Instructions to follow | Return every line from the one with "Geometric pattern of" through the one with "for their BBQs.", inclusive, exactly as it appears below.

Data for this task |
______

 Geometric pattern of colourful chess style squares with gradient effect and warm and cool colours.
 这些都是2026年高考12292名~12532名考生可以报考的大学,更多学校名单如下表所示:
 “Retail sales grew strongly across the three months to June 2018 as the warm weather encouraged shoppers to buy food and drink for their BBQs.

______

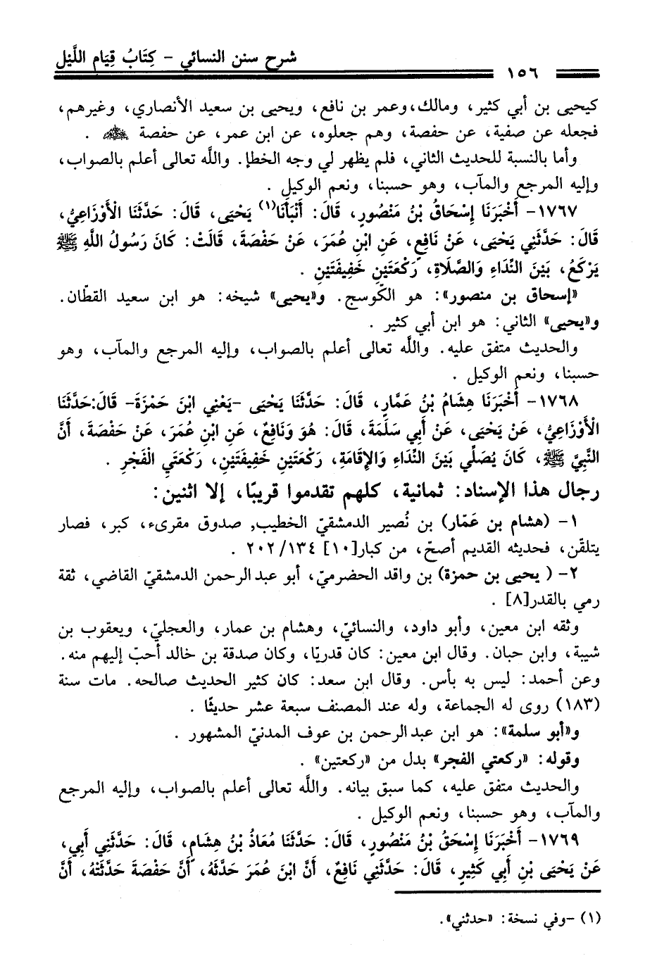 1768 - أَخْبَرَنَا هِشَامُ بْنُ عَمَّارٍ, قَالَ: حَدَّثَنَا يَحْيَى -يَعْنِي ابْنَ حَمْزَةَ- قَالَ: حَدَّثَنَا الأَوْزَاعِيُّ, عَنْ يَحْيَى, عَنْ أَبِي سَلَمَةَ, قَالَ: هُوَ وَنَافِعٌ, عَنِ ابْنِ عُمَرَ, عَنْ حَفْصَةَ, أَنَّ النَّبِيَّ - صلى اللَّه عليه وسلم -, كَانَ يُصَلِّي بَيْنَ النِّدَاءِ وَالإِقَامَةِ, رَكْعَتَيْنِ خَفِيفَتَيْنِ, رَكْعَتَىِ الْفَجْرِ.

______

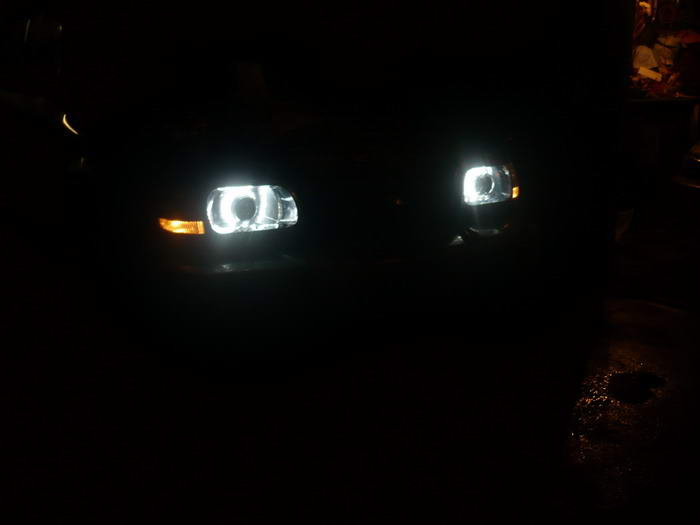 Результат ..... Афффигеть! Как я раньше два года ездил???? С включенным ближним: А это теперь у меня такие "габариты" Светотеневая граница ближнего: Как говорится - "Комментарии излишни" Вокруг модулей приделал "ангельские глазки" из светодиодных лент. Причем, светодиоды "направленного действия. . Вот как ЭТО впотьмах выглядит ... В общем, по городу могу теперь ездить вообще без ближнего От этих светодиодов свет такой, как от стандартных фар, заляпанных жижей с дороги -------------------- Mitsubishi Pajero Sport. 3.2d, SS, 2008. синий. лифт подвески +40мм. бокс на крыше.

______

Your solution |
 Geometric pattern of colourful chess style squares with gradient effect and warm and cool colours.
 这些都是2026年高考12292名~12532名考生可以报考的大学,更多学校名单如下表所示:
 “Retail sales grew strongly across the three months to June 2018 as the warm weather encouraged shoppers to buy food and drink for their BBQs.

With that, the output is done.